Tampermonkey, like Greasemonkey, lets you create and run User scripts. These are small JavaScript snippets that can execute on any URL you want. You can consider them mini-extensions.
Tampermonkey came out as a Greasemonkey alternative for Chrome. Since writing User scripts is a “developer” thing to do, and since pretty much all software development tools are open source, so was Tampermonkey. This quickly allowed them to gather a user base and get contributions from the community.
At some point (around version 2.9), they switched their project to a proprietary license. They stopped taking contributions of course, and the old version is still on GitHub, so there is no license violation. This post isn’t meant to be a “grab your pitchforks there’s proprietary software” post against Tampermonkey either. I just know that some people don’t want to run non-free software, and their browser might’ve auto-updated to a non-free version.
This was certainly the case for me. I remembered Tampermonkey as an open-source user script manager and started using it, it took me a while to realize the license situation. While this information was available on the Firefox add-ons page, I think it should be more prominent in the install process.

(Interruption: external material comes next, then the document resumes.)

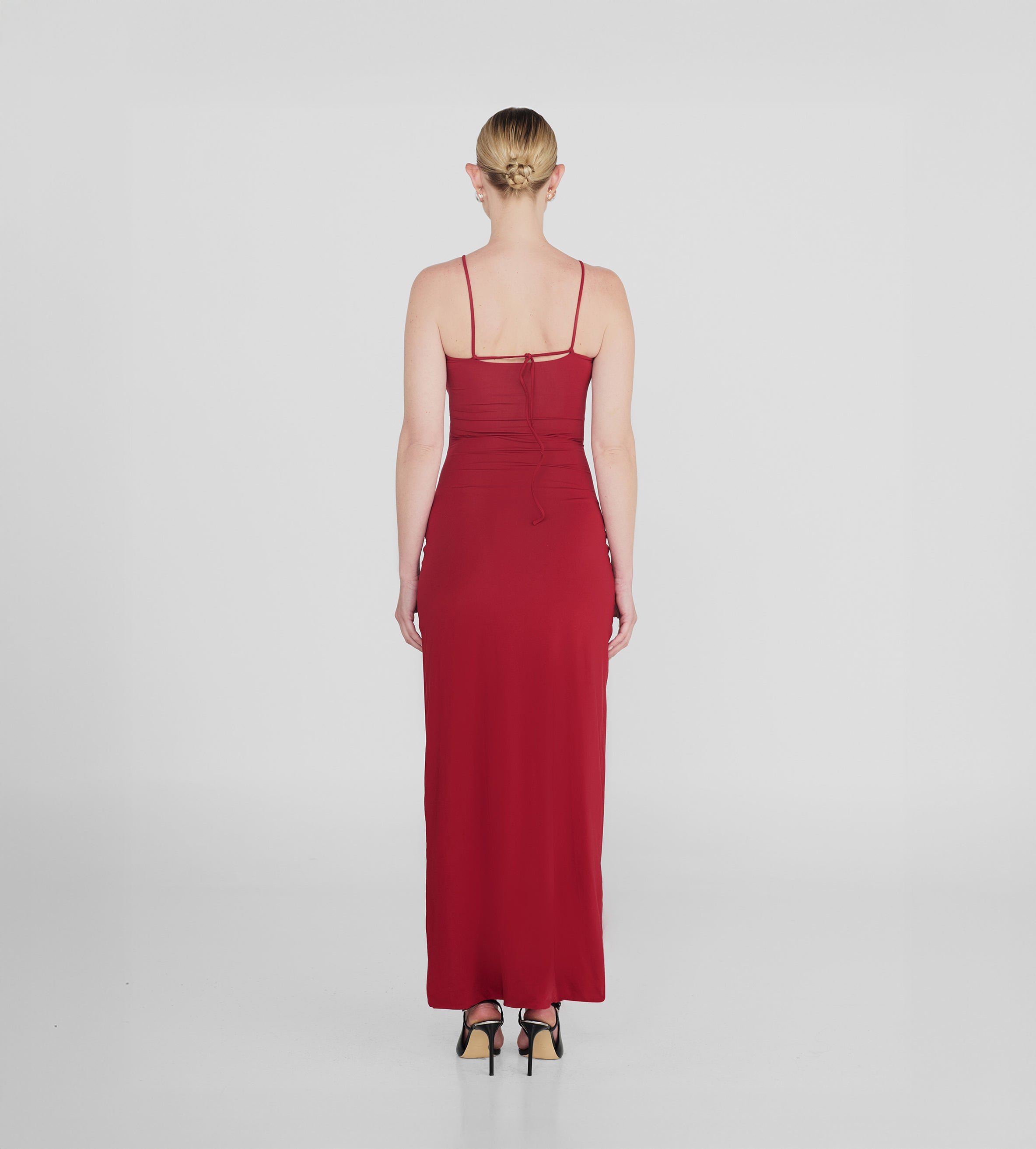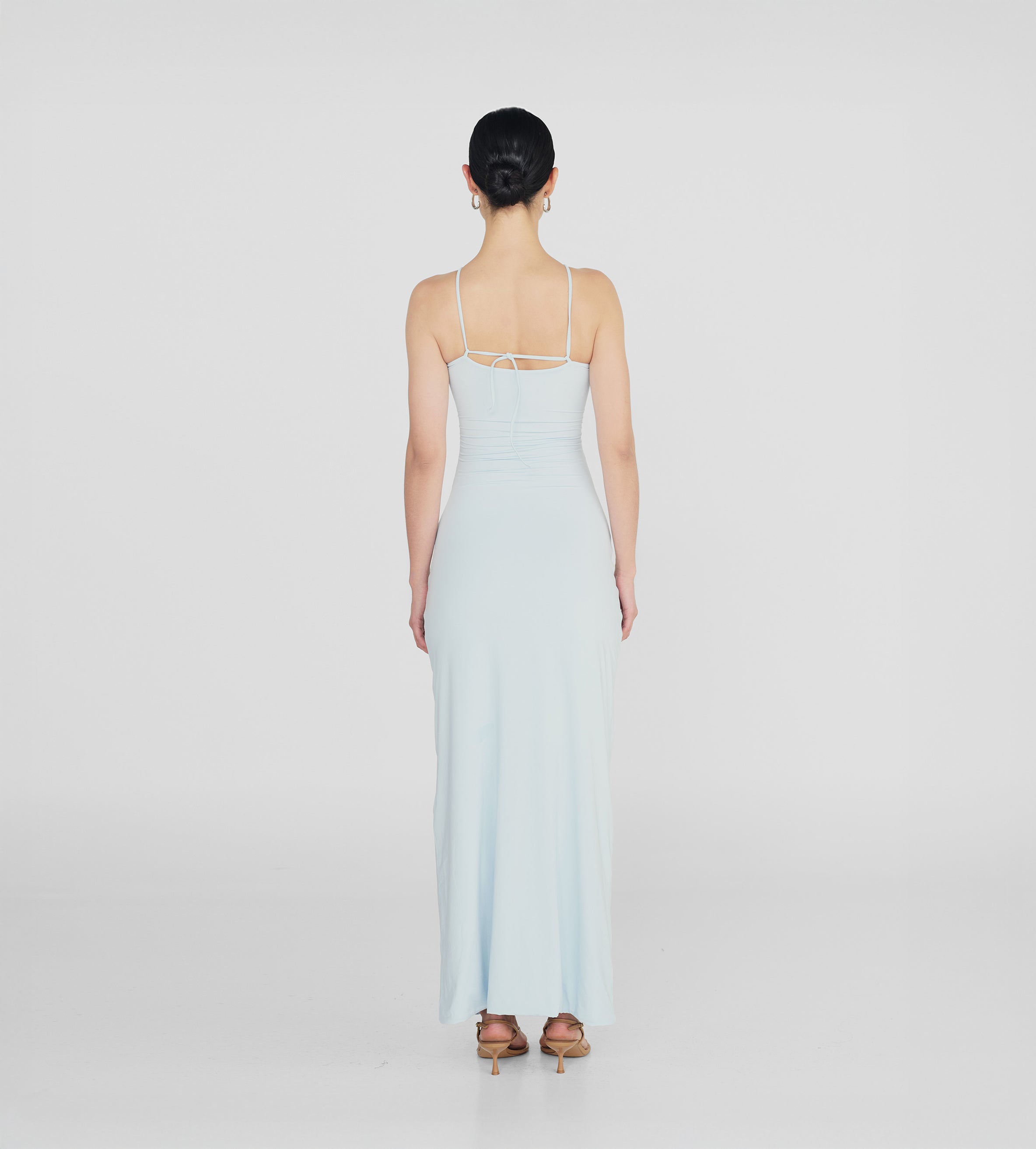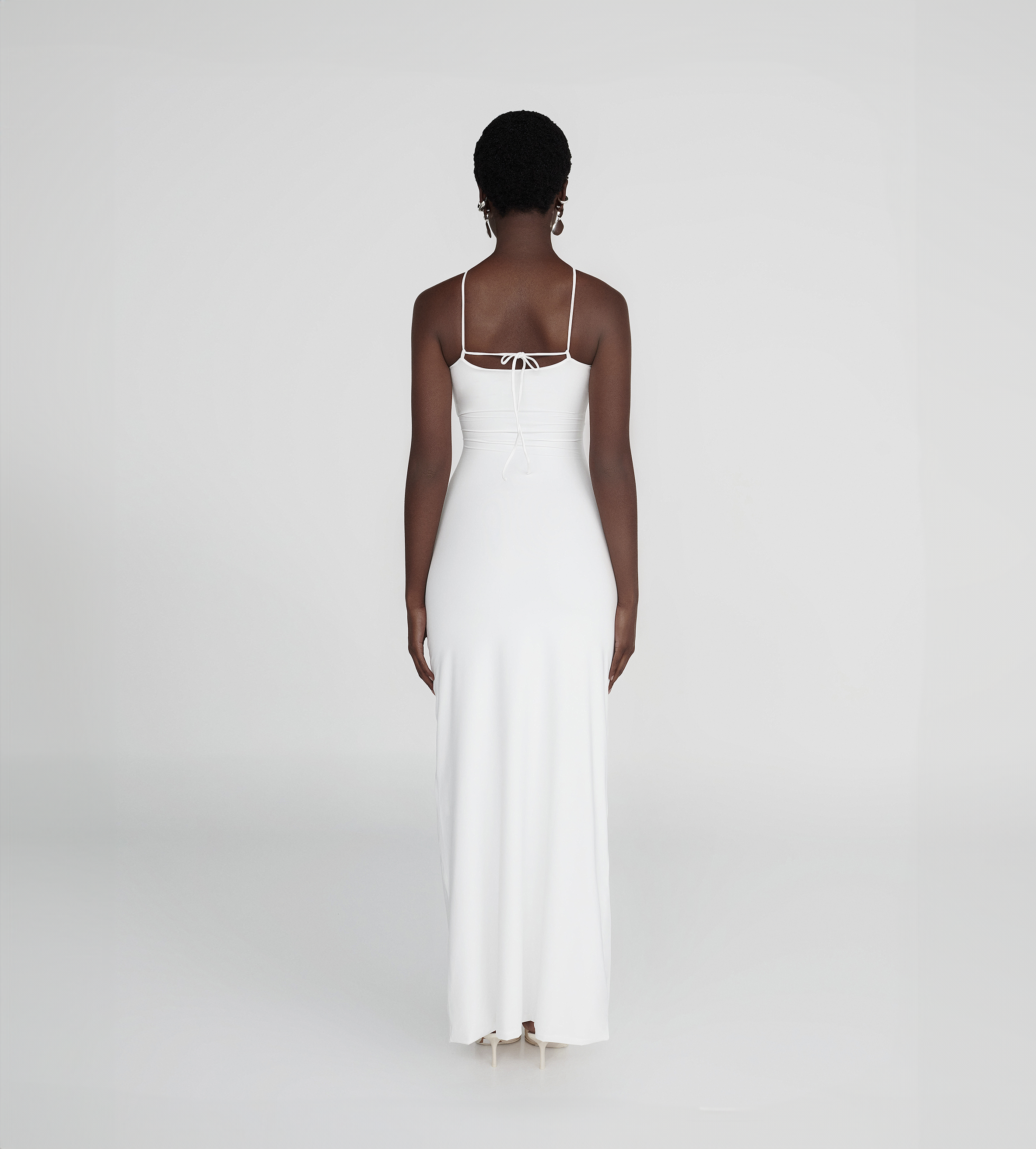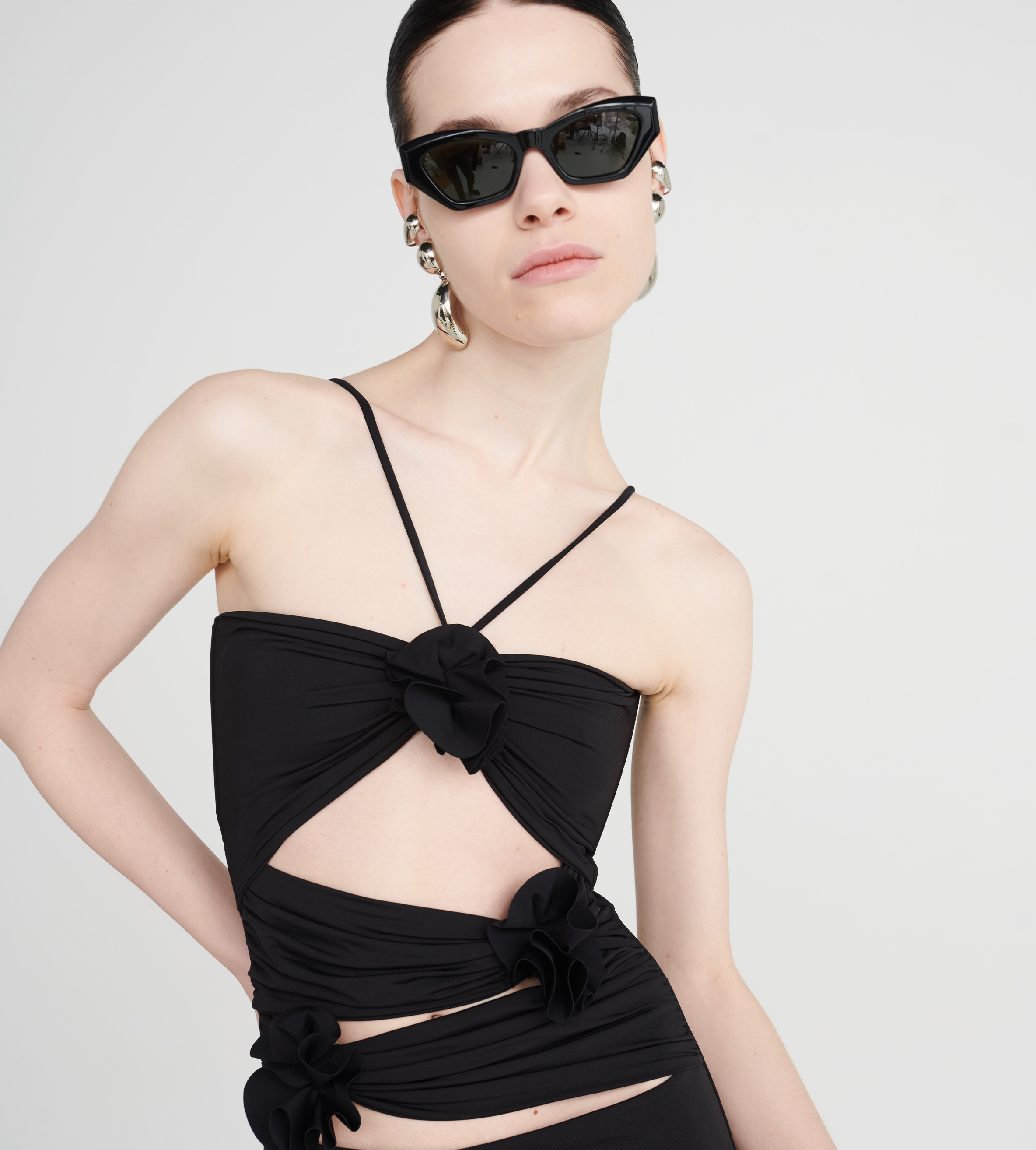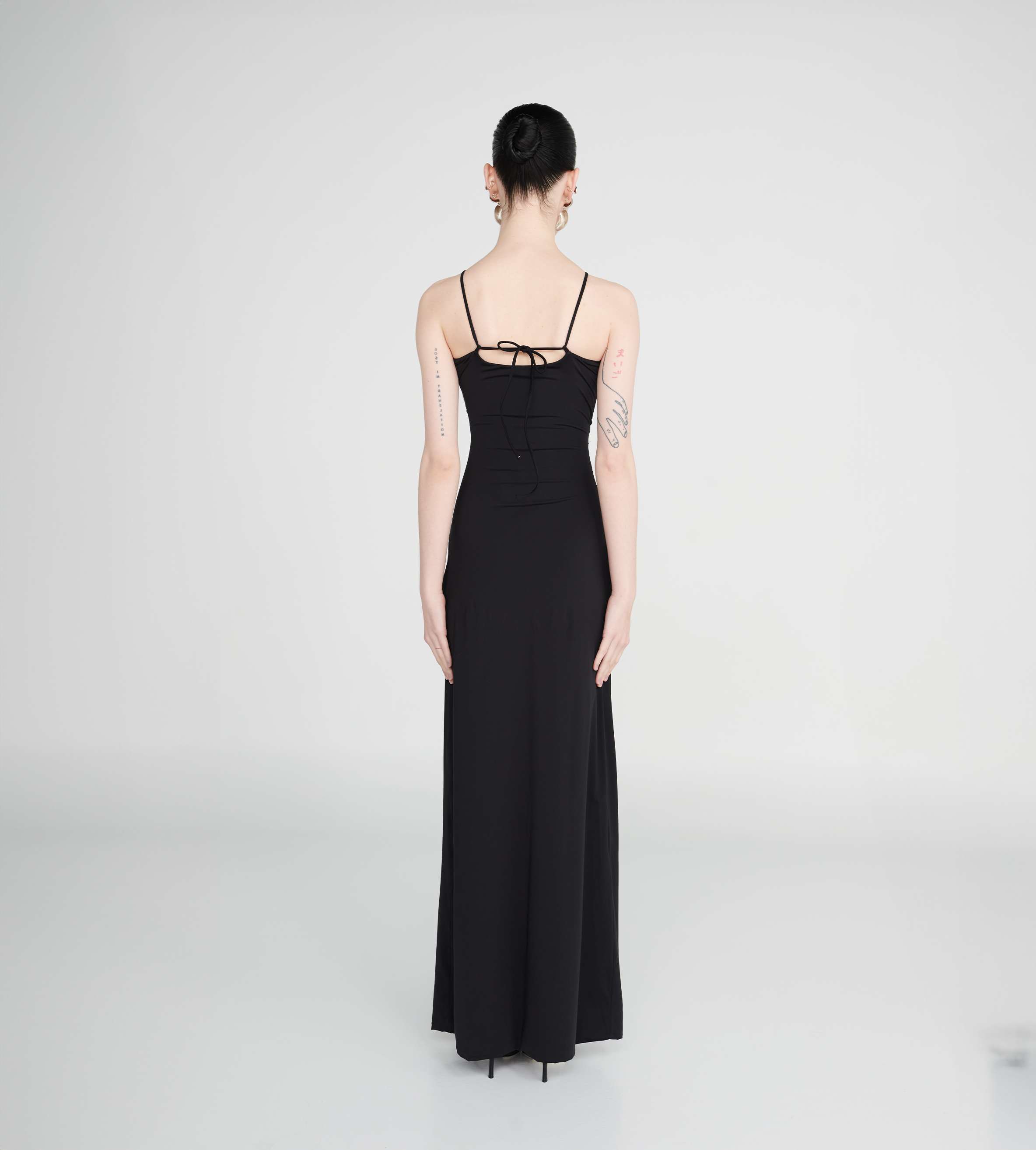 Maxi sheath dress with a straight neckline at the front and back, knot closure and asymmetrical openings on the abdomen with 3 flower-shaped ruffles.

After some time, and with developments like major browsers all implementing the same extension API, Tampermonkey took its place on most Add-On stores. I believe for Firefox at least this was after the license change, so people on FF shouldn’t have had unexpected non-free software.
Tampermonkey alternatives
The most well-known alternative on Firefox is Greasemonkey. You can get Greasemonkey here.
A more cross-platform option might be Violentmonkey. It works on Chrome, Firefox, and many other browsers.